一人ユニコーンは可能?AI一人起業を売上・原価・利益で現実的に考える

ノートとパソコンで一人事業の数字を考える起業

月商100万円を作り、変動費と固定費を引いて35万円が残ったとしても、その会社をユニコーンとは呼べません。売上の伸びと、会社が市場からいくらと評価されるかは別の話だからです。

ユニコーン企業は一般に、設立10年以内で企業価値10億ドル以上の未上場企業を指します。社員が一人でも条件は変わりません。一人であることだけでは達成可能か判断できず、商品が大きく伸びる仕組みと、市場からの企業価値評価が必要です。

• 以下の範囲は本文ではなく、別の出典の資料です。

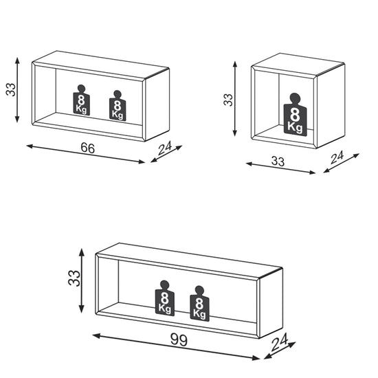 Repisas elaborada en Madera industrializada de pino con acabados de mayor calidad en pintura UV que mantiene la pintura intacta sin perder el color en el tiempo. Ideal para organizar y decorar tus espacios en el estudio, la sala y otros espacios sociales. Tiene un diseño que puedes combinar con otros elementos decorativos, fácil de limpiar y de instalar. Incluye 3 repisas 33x33x24 / 66x33x24 /99x33x24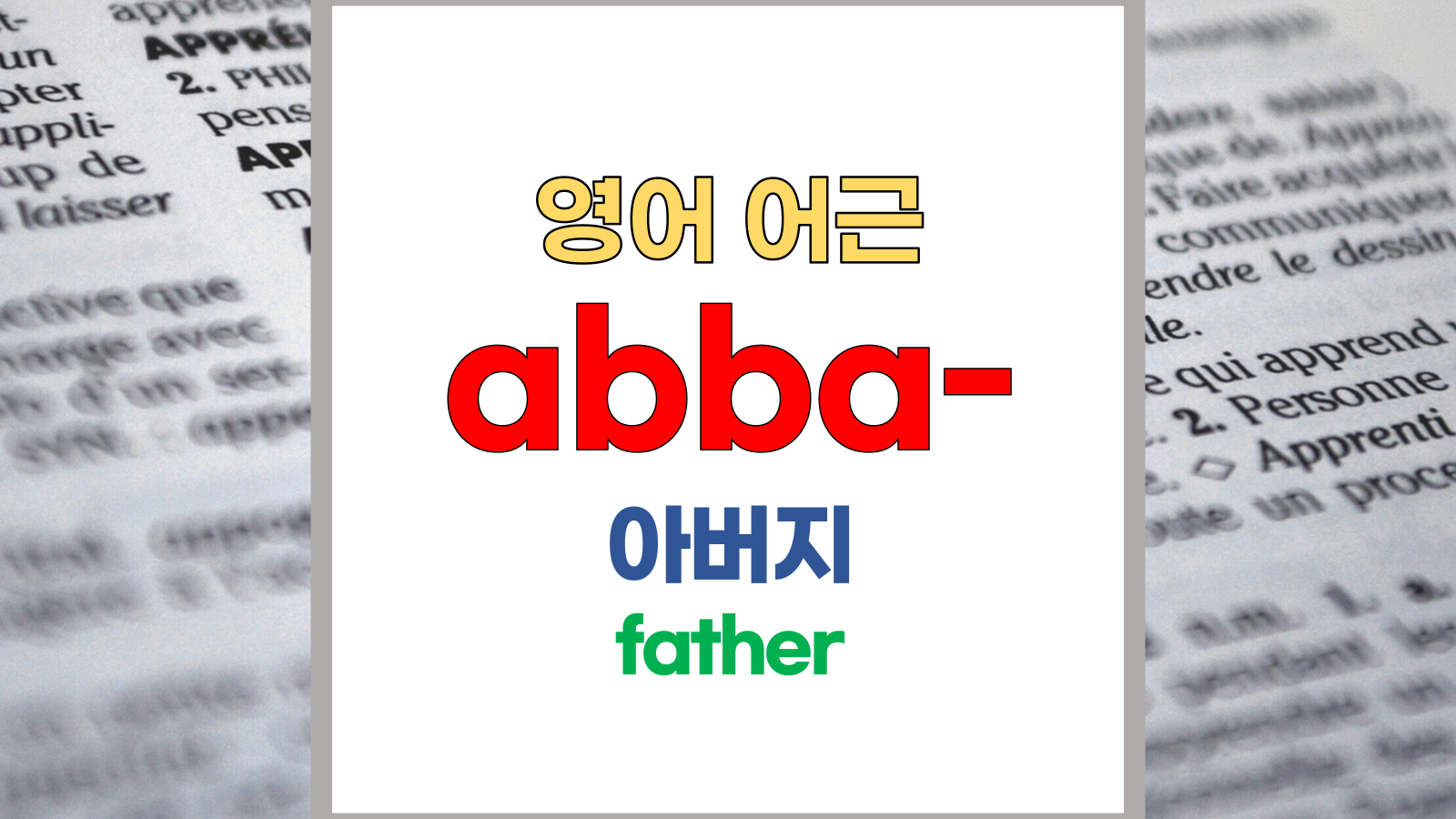 | 영어 어근 abba-는 라틴어(Latin) abbas, abbatia에서 유래했습니다. '아버지(father)', 'father'라는 기본적인 의미를 갖고 있습니다. |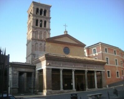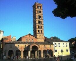 La chiesa di Santa Maria in Cosmedin fu eretta nel secolo VI sopra una grande aula porticata di età flavia, di cui restano varie colonne incorporate nell'edificio, che sorgeva presso due templi consacrati a Ercole Invitto e a Cerere. Ingrandita da Adriano I nel secolo VIII fu affidata ai Greci che, fuggiti alla persecuzioni degli iconoclasti d'Oriente, si erano stabiliti nei quartieri presso il Tevere. I greci la chiamarono "Schola Graeca", ma l'abbellirono a tal punto da farle meritare l'appellativo di Kosmidion (parola greca significante ornamento) da cui Cosmedin. Dedicata poi a Maria prese il nome di Santa Maria in Cosmedin. Rimaneggiata nel corso dei secoli, la chiesa venne riportata alle forme attuali a partire dal 1890. L’interno è costituito da tre navate, il pavimento il tabernacolo, l’altare ed il coro risalgono al XIII secolo. Nella cappella di destra si trova una Madonna con il Bambino attribuita a Cimabue, anche se alcuni storici ritengono risalga addirittura al V secolo. Il campanile, a sette piani di bifore e trifore, è fra i più belli tra quelli di tipo romanico.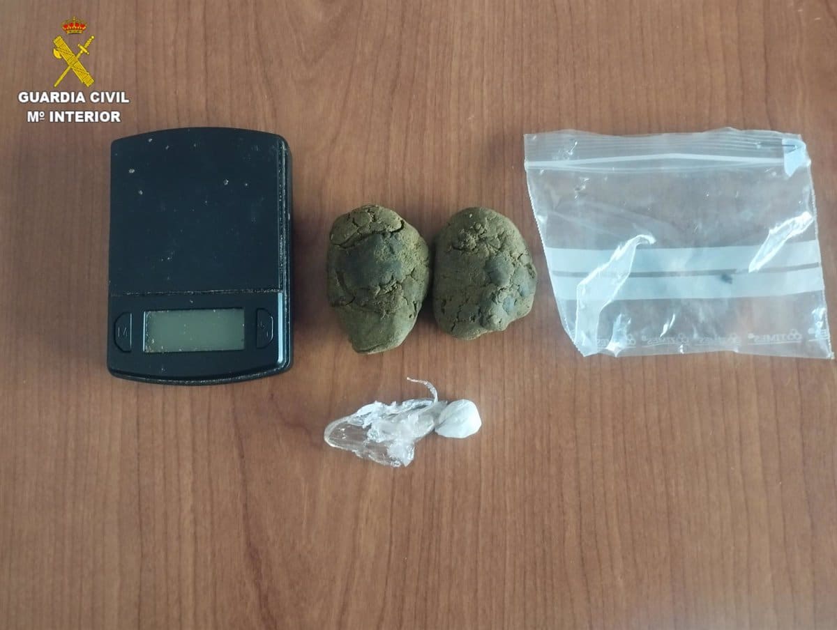 Los efectivos de la Guardia Civil conseguieron interceptar el vehículo y, ante la reacción del conductor de descender rápidamente en un aparente intento de distraer a los agentes, se procedió a registrar el vehículo. El resultado del registro fue el hallazgo de dos piedras de hachís con un peso aproxmado de 25 gramos, una báscula de precisión y un envoltorio plástico conteniendo una dosis de 1 gramo de cocaína.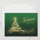 Este elegante e barato tom verde e dourado falso "Saudações da Época" de Natal ou de Natal tem um fundo verde profundo com uma árvore de luz de Natal ou Feriado iluminada, estrelas, garland de fita e flocos de neve com uma grande cobertura de árvore de luz estelar. O verso tem rolhas de ouro ornamentado que se coordenam com a tipografia vintage na frente. Este seria um cartão perfeito para uma empresa, empresa ou empresa enviar em massa para seus clientes e/ou funcionários. Se você precisar de itens correspondentes, como envelope, postagem ou selo de envelope, envie um email para niteowlstudio@gmail.com com sua solicitação.
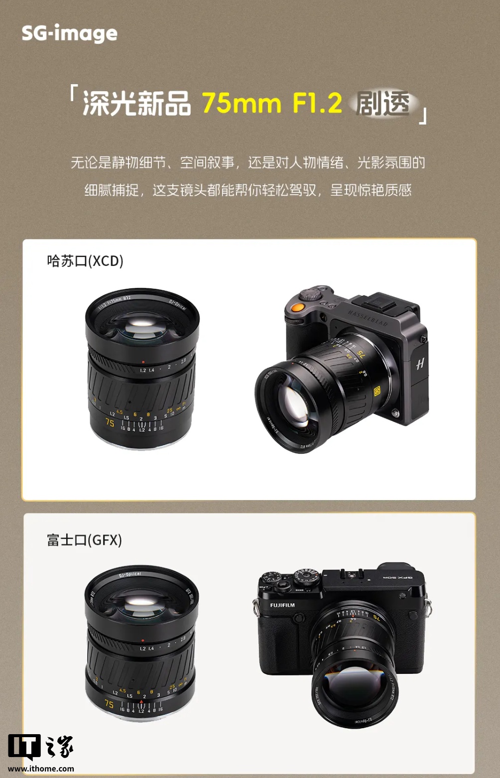 IT之家 12 月 27 日消息,深光影像今天在公众号平台预热旗下 75mm f/1.2 中画幅镜头,采用手动对焦设计,适配哈苏 XCD、富士 GFX 卡口。
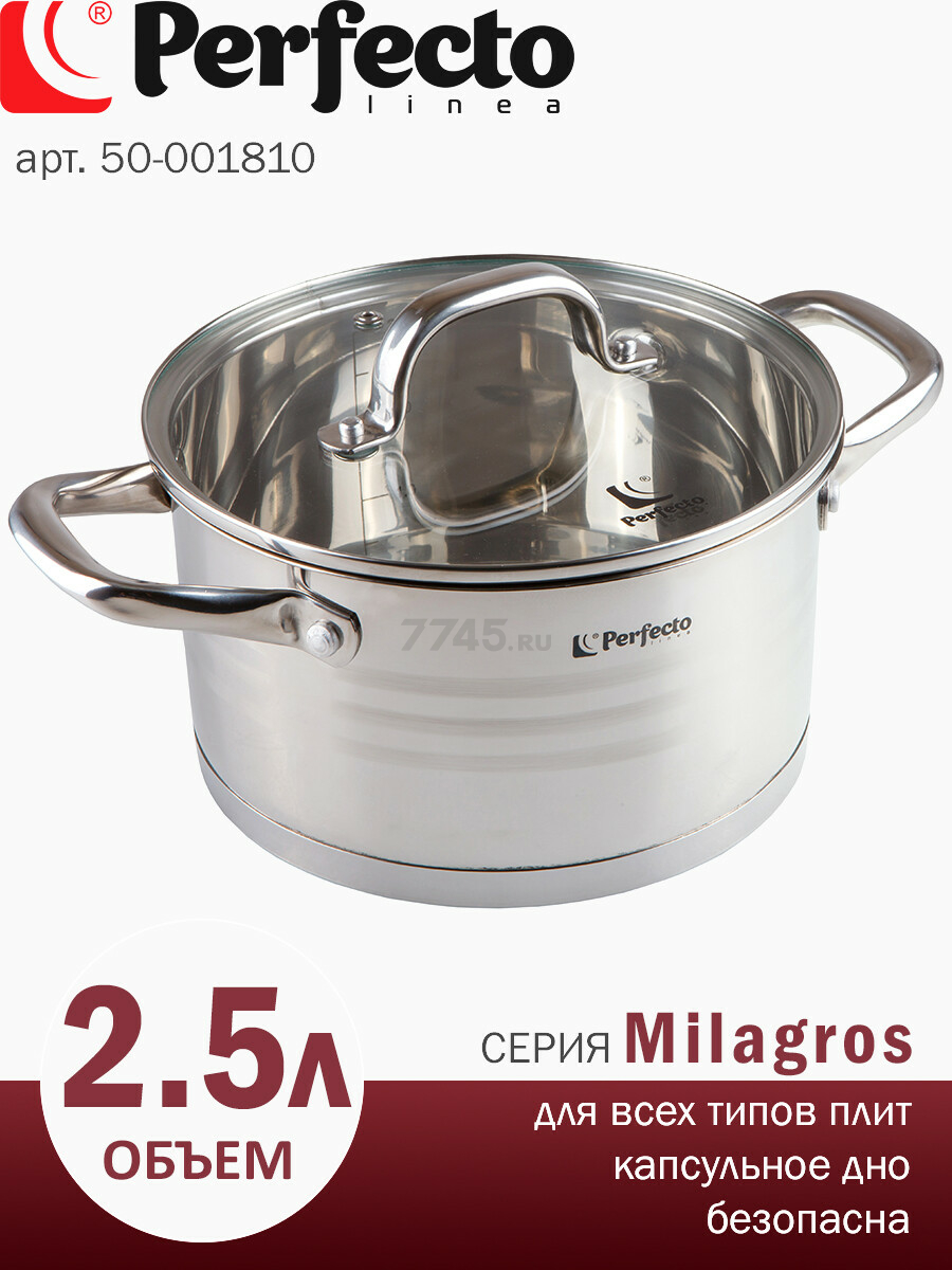 Описание товара Кастрюля из нержавеющей стали 2,5 л PERFECTO LINEA Milagros (50-001810)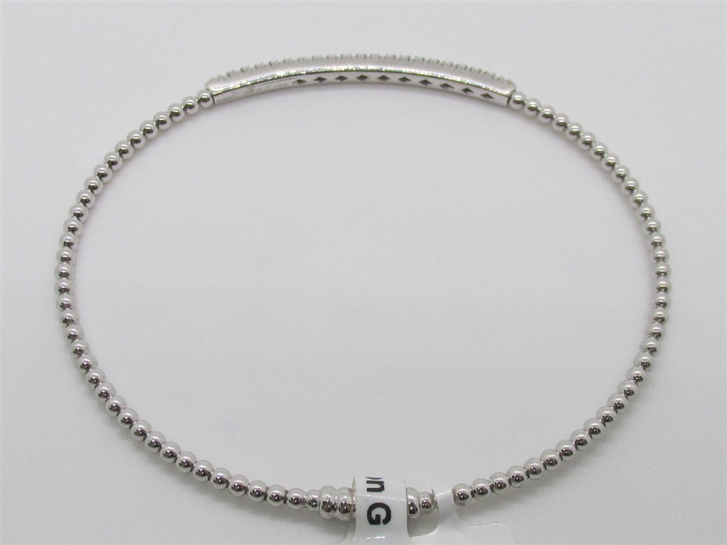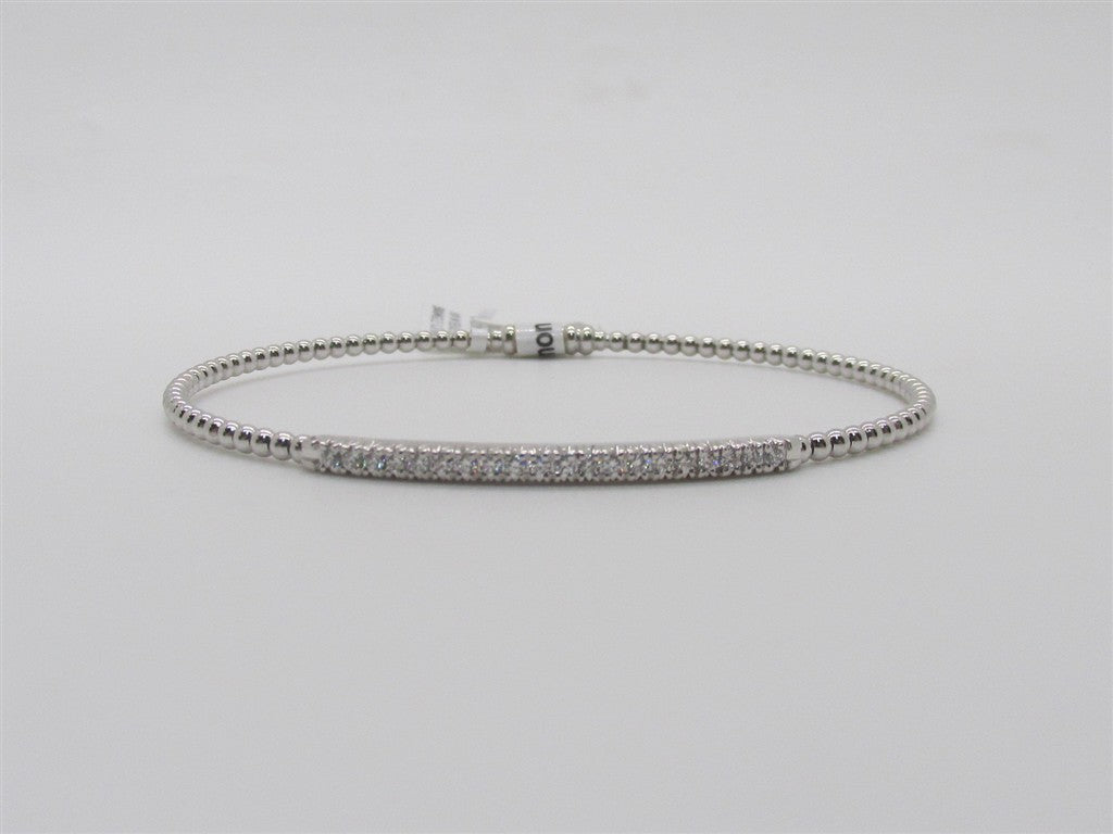 18KW BEADED DIAMOND BANGLE WITH DIAMOND BAR IN CENTER WITH TWENTY ROUND BRILLIANT CUT DIAMONDS = 0.27CTTW VS F/G

以下の数字は企業価値の証明ではありません。AIと外部サービスを使う小規模な会社が、人数を増やす前に採算と運営限界を確かめるための計算です。私は企業価値を予想する前に「顧客が増えても一人で品質を守れる仕組みか」を見ます。

一人で伸ばしやすい事業の条件

一人で大きくするなら、商品を一つ追加販売するたびに、社長の作業が同じだけ増えないことが欠かせません。販売後も毎回打ち合わせが必要な仕事は、売上と一緒に予定表が埋まります。反対に、同じ仕組みで提供できるソフトウェア、デジタル商品、会員向け情報などは、提供人数を増やしても作業の増え方を抑えやすくなります。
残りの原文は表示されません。